Евгений Кузнецов – Кудыкины горы (страница 16)
Поначалу он ничего не хотел говорить жене, но радость просилась наружу.
– С утра в лес уйду, – сказал он.
– Чего там? – Анна остановилась посреди кухни.
– По дрова, знамо!
– Куда их?.. – И Анна двинулась с места. – И так весь проулок загорожен.
– Да не нам, не нам! – закричал Платоныч.
Анна опять стала.
– Всё бы тебе да тебе!
– Чего орёшь-то?.. – равнодушно сказала она.

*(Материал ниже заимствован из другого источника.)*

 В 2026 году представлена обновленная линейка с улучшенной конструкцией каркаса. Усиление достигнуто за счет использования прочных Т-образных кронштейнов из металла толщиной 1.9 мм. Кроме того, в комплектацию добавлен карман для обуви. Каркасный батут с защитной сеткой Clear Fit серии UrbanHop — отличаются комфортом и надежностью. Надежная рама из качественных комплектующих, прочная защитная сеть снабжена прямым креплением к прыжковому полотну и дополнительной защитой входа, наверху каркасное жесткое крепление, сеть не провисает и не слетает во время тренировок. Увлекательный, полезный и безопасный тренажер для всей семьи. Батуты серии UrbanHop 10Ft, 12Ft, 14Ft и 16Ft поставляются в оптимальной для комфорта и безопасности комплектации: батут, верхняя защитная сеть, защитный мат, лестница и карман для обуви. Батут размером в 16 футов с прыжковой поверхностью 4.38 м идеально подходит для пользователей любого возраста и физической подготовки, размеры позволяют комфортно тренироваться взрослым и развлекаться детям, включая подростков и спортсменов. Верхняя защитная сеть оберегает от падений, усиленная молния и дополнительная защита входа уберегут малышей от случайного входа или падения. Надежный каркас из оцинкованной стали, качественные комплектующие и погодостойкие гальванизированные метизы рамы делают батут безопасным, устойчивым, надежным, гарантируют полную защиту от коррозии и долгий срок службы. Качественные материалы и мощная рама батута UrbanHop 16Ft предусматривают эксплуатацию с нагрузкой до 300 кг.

Платоныч помолчал, борясь с собой, потом сказал спокойно:
– Екатерине Сергеевне дрова – вот кому.
– Подрядила она, что ли?
– Нет. Не подрядила. Помянула только. Мол, десять кубов выписала. Вот ты и подумай: кто ей будет пилить? Нанимать придётся. Да расплачиваться где пятёркой, где чекушкой. Да ещё и не все десять выберут. А и выберут – так труху да сучья.
– Тебе-то что за дело? – спросила Анна.
И Платоныч сразу замолчал: опять жена намекнула о болезни. Он уже готов был вспыхнуть, но тут почувствовал, что жена вот-вот уйдёт в спальню, и сказал примирительно:
– Она – помнишь ли ты? – деток наших учила.
Анна, беспомощно прислонясь к углу печки, спросила:
– Сколько же сулит?
Платоныч ответил уклончиво:
– Сначала надо дело сделать.
Сам каждый год заготавливавший дрова, Платоныч знал, где делянка. Он выбрал куст высоких, ровных и без сучков, берёз, утоптал вокруг снег и наладил свою старенькую бензопилу, без которой ему, конечно, было бы не справиться. И так работа для него, выжатого болезнью, намечалась непосильная: не на одну неделю, – но даже и уцелевших сил он не мог рассчитать… И он так прикинул: чтобы в любом случае, даже и без него, люди приехали бы к сделанному – пусть и не ко всему, что надо бы. Если навалить деревьев на все десять кубометров или хоть наполовину, то могло получиться, что не все удастся перепилить на швырок, перетаскать в одно место, и переколоть, и уложить. Поэтому он решил валить по два-три дерева, пилить, стаскивать и сразу колоть. А где будет пилить – он сказал жене.
Вечером Анна заметила:
– Вот до чего заездил себя – уж и не куришь…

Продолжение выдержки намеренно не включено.